--- Collected material Enclosed Below ---
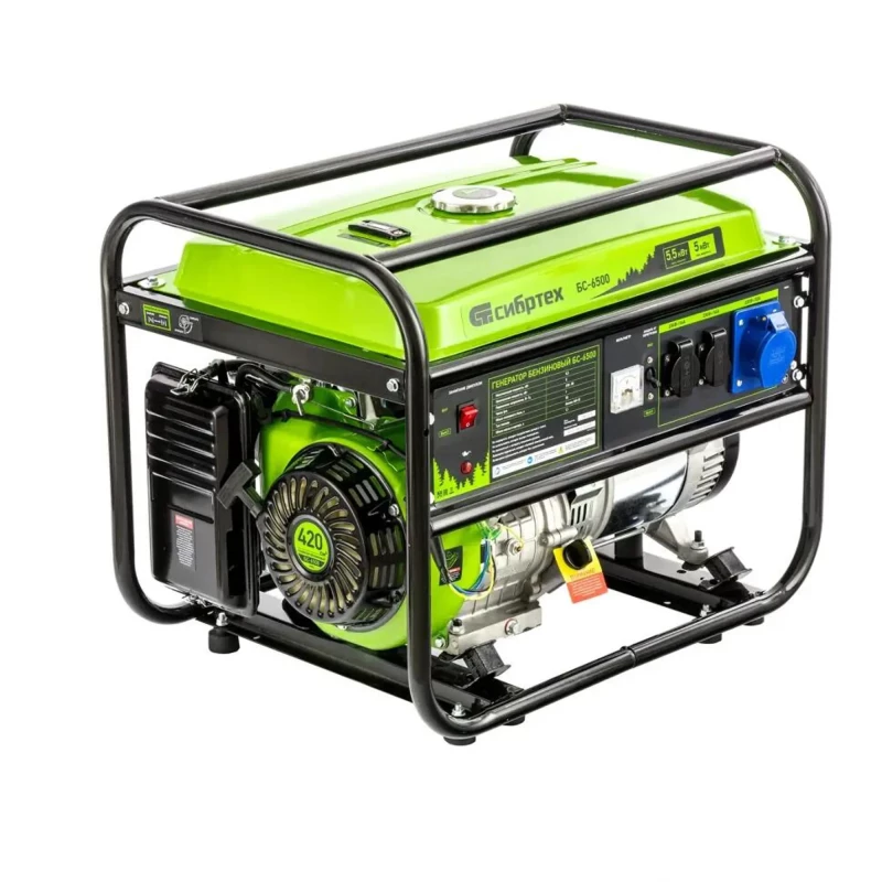 Купить инструмент Генератор бензиновый БС-6500, 5.5 кВт, 230В, четырехтактный, 25 л, ручной стартер Сибртех в Кемерово по цене 42790 рублей. Смотрите другие 82 товаров в разделе Электростанции бензиновые по ценам от 7243 до 363390 рублей. Родительская категория - Силовое оборудование. Производитель - Сибртех.
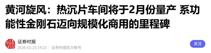 第三,公司已经成功研制出国内可量产的最大8英寸热沉片,将于今年2月份投入量产,这是功能性金刚石从实验室,迈向规模化商业应用的一个里程碑。目前已经是2月份 ,意味着当前已经处于量产中。
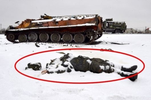 우크라이나 동북부 하르키우 외곽 도로에 26일(현지시간) 파괴된 러시아군 차량들이 멈춰서 있는 가운데 한 러시아 병사의 시신이 널부러져 있다. 2022.2.27 AFP 연합뉴스 |
--- End of Enclosed Collected material ---
▶ **Task item**
For this exercise, copy each line of the data above exactly, from the first through the line containing "第三,公司已经成功研制出国内", and drop the pictures.

▶ **Task result**
 Купить инструмент Генератор бензиновый БС-6500, 5.5 кВт, 230В, четырехтактный, 25 л, ручной стартер Сибртех в Кемерово по цене 42790 рублей. Смотрите другие 82 товаров в разделе Электростанции бензиновые по ценам от 7243 до 363390 рублей. Родительская категория - Силовое оборудование. Производитель - Сибртех.
 第三,公司已经成功研制出国内可量产的最大8英寸热沉片,将于今年2月份投入量产,这是功能性金刚石从实验室,迈向规模化商业应用的一个里程碑。目前已经是2月份 ,意味着当前已经处于量产中。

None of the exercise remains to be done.